Sei perfeitamente os aborrecimentos e os transtornos que já lhe estou dando. Por minha vontade, creia, jamais viria per­turbar ainda mais a sua vida e a do doutor Otto, isto é, do papai. Tenho certeza, porém, de que muito breve teremos estabelecido melhores relações e desde já lhe prometo ser o mais bem-comportado possível enquanto tivermos que viver nesta estreita intimidade em que nos encontramos. Apesar da guerra no mundo, apesar da fo­me e de todas as calamidades, apesar dos pesares, ouvindo como ouço tanta gente dizer que a vida não vale a pena, a verdade é que preferi… viver.

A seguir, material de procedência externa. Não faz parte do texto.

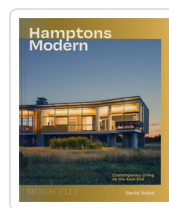
HAMPTONS MODERN. CONTEMPORARY LIVING ON THE EAST END SOKOL, DAVID

E tive a sorte de vir cair exatamente na sua fa­mília, dona Helena, isto é, mamãe. Sei quanto estão satisfeitos o André, o Bruno e a Cristiana, que não tiveram a sorte que eu te­nho. Pois eu, além de mãe adorável e de um pai bacana, vou ter três irmãos logo de saída – e que irmãos!, quase dois pais e uma mãe, o que temos de concordar que é o máximo. Na hipótese, pouco provável, de ser dentuça, sei de antemão pelo que aconteceu ao Bruno, que não faz mal, pois dona Helena saberá corrigir o meu sorriso para rivalizar com o mais lindo sorriso do mundo. Na ver­dade, já estou na maior alegria. Só saber que vou nascer, nascer!, já pensou que acontecimento? A única nuvem no meu espírito é saber que a senhora está preocupada e nervosa e que o clima na família não é muito favorável à minha chegada. Não tenham medo, sou brasileiro e vou dizendo logo que detesto Lisboa, já estou louco para “voltarmos” para o Brasil. Lembranças ao ABC[1] e vá escolhendo um D para mim, senão o Bruno me batiza mesmo de Godofredo…[2]

Seu caçulinha pele que vos adora

X

Arquivo Otto Lara Resende / Acervo IMS.

[1] N.S.: Os irmãos André, Bruno e Cristiana Lara Resende.
[2] N.S.: Godofredo de Lara Resende era tio de Otto Lara Resende. Na madrugada do nascimento de Heleninha, Otto pôs debaixo da porta do quarto dos filhos um bilhete: “Godofredo é uma linda menina”.